▽
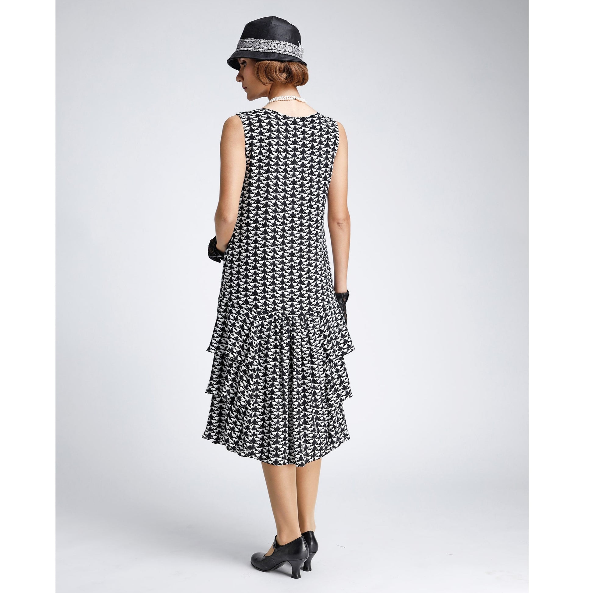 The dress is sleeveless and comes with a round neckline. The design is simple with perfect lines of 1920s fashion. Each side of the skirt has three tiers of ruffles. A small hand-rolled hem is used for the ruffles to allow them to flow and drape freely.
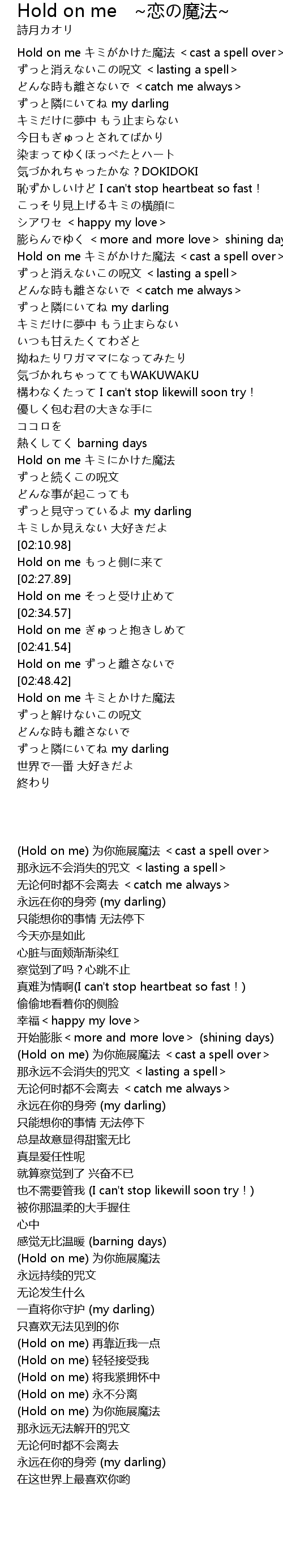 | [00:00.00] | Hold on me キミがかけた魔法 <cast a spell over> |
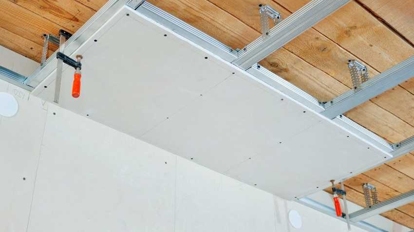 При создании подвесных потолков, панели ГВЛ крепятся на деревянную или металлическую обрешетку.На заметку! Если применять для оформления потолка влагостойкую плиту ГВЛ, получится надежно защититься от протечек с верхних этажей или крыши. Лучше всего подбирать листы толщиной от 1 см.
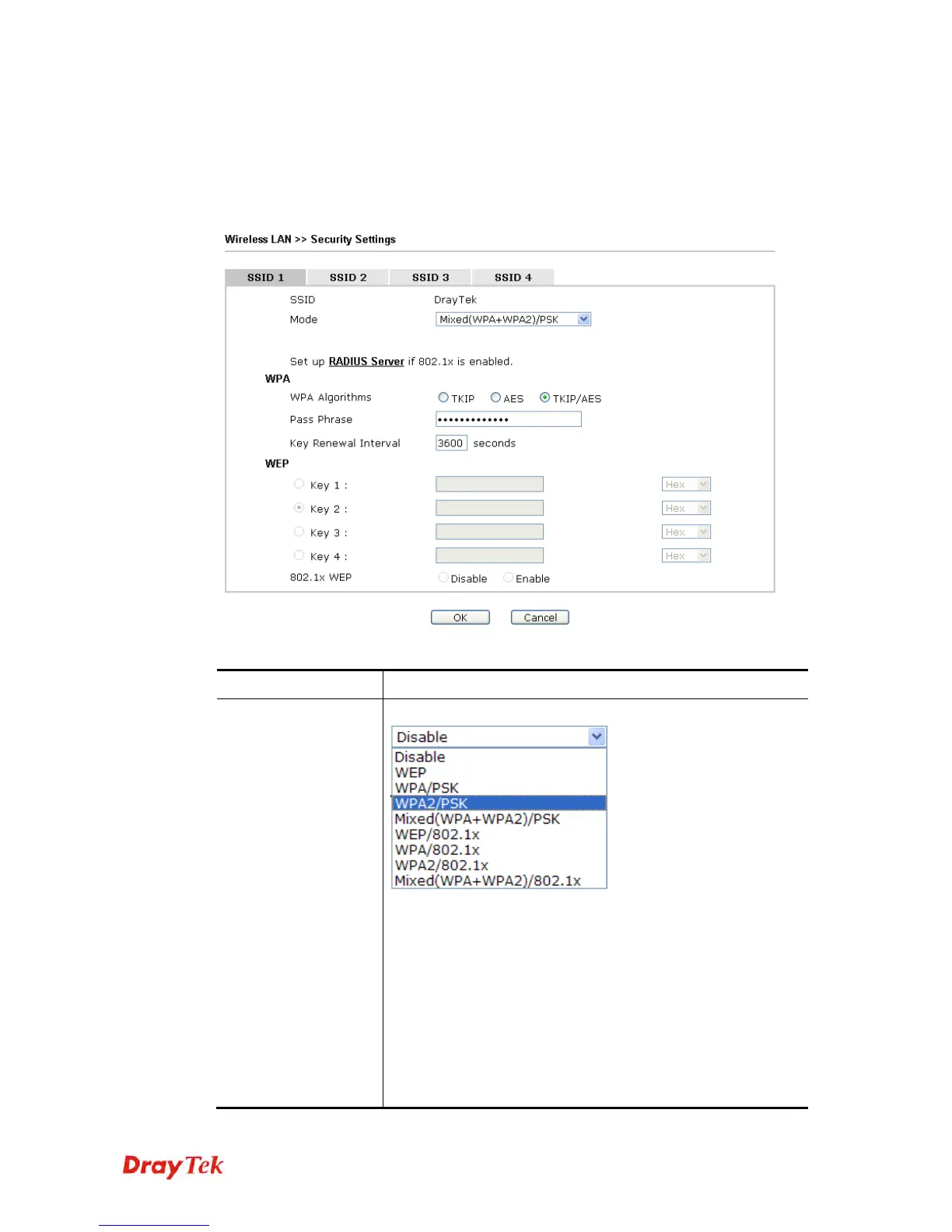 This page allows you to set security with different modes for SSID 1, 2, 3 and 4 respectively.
△
▽
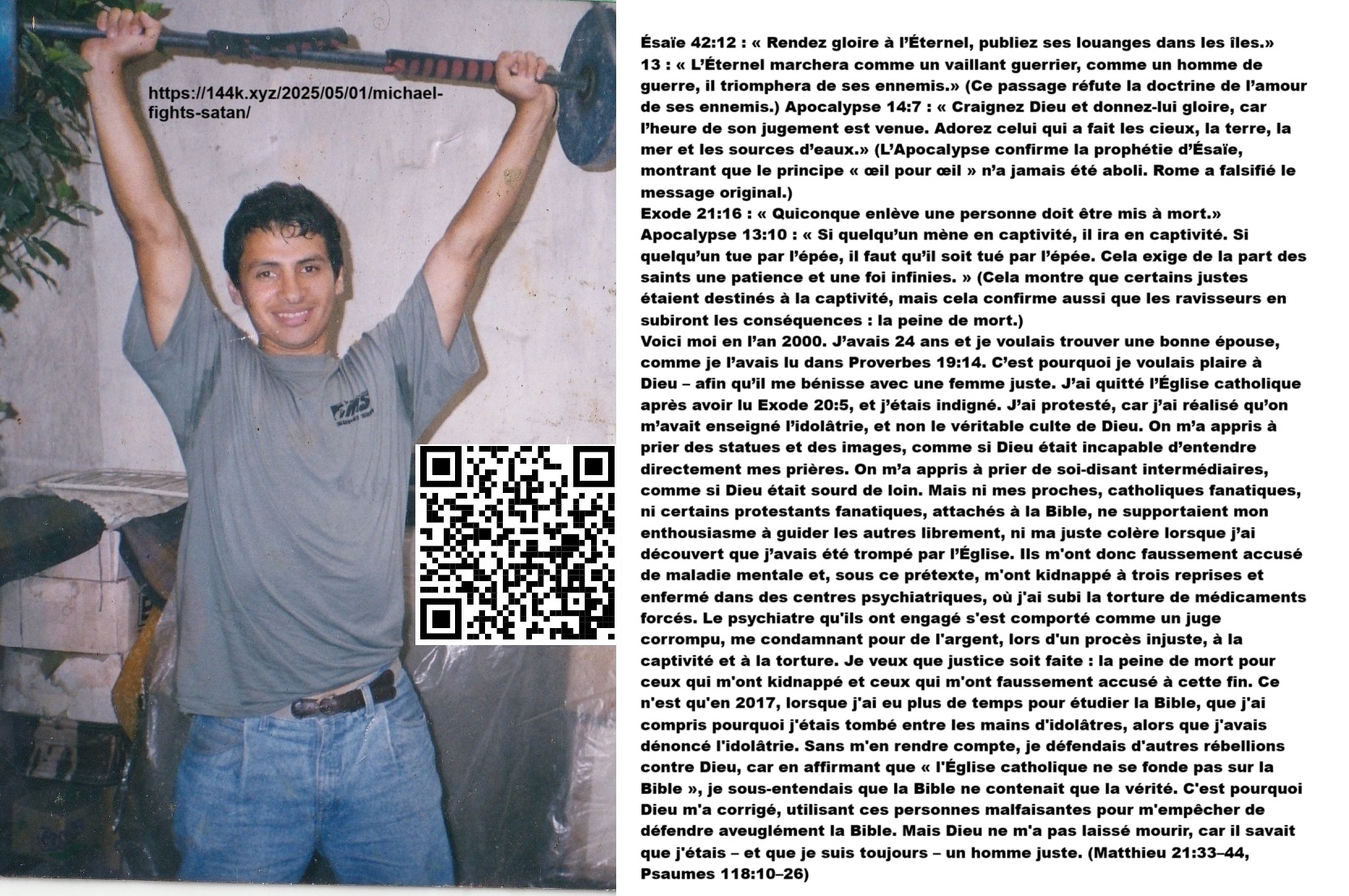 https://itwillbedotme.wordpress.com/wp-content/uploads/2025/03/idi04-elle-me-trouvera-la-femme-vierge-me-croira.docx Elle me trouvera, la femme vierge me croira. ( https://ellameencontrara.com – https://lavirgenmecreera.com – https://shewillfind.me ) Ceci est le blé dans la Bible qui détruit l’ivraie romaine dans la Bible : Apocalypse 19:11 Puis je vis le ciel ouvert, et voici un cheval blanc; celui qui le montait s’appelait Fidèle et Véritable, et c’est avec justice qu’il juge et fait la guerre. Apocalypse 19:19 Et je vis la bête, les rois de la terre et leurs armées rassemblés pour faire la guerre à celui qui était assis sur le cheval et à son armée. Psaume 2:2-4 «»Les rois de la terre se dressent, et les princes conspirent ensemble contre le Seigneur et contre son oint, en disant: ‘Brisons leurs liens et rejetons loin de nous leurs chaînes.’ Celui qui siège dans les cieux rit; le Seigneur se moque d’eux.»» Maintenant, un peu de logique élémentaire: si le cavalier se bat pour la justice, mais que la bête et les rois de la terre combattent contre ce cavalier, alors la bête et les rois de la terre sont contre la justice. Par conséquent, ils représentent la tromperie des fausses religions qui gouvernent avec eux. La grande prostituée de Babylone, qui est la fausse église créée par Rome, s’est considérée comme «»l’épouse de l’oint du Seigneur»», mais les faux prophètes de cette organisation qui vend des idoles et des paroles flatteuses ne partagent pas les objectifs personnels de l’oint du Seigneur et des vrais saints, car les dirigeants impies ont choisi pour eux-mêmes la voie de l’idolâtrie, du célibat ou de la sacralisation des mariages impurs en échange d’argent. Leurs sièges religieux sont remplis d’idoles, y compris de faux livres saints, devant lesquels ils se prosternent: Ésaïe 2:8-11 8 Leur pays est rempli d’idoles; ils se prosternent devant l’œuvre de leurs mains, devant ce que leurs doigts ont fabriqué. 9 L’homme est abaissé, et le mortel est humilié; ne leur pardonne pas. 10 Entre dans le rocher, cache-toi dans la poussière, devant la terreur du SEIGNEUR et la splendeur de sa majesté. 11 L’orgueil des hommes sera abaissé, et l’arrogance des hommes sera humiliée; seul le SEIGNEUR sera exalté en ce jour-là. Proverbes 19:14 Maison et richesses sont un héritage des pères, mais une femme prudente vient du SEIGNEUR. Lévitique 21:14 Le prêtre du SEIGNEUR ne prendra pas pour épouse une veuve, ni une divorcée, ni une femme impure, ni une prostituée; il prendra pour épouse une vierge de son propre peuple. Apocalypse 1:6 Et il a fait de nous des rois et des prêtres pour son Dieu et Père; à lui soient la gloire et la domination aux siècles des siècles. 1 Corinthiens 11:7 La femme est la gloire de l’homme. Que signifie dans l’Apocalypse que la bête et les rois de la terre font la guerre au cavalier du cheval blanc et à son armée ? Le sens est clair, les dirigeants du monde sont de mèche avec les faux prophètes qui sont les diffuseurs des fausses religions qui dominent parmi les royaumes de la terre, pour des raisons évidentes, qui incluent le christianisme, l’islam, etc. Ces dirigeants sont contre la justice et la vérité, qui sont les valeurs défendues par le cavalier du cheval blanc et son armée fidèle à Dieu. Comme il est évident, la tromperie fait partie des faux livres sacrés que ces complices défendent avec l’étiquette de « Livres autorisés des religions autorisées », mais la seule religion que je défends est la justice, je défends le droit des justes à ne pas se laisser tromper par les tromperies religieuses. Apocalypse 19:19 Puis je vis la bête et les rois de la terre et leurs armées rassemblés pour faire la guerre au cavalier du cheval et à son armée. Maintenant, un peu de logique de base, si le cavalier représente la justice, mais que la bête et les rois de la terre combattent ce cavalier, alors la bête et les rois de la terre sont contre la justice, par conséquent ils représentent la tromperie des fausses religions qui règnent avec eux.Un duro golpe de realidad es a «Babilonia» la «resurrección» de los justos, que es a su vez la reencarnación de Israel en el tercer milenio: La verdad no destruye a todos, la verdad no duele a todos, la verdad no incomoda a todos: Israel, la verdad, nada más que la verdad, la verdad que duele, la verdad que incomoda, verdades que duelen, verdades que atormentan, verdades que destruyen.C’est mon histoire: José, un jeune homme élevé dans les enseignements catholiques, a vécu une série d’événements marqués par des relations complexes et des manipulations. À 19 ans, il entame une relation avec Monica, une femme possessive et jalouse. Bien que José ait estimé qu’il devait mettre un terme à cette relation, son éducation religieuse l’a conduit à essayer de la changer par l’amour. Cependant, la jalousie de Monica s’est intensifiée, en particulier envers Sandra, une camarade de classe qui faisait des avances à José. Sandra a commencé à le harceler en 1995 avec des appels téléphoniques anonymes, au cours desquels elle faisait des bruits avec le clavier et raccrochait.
△
Exactly reproduce the lines above, starting at the one that contains "The dress is" and ending at the one that contains "При создании подвесных", both inclusive; leave the pictures out and add no other lines.

 The dress is sleeveless and comes with a round neckline. The design is simple with perfect lines of 1920s fashion. Each side of the skirt has three tiers of ruffles. A small hand-rolled hem is used for the ruffles to allow them to flow and drape freely.
 | [00:00.00] | Hold on me キミがかけた魔法 <cast a spell over> |
 При создании подвесных потолков, панели ГВЛ крепятся на деревянную или металлическую обрешетку.На заметку! Если применять для оформления потолка влагостойкую плиту ГВЛ, получится надежно защититься от протечек с верхних этажей или крыши. Лучше всего подбирать листы толщиной от 1 см.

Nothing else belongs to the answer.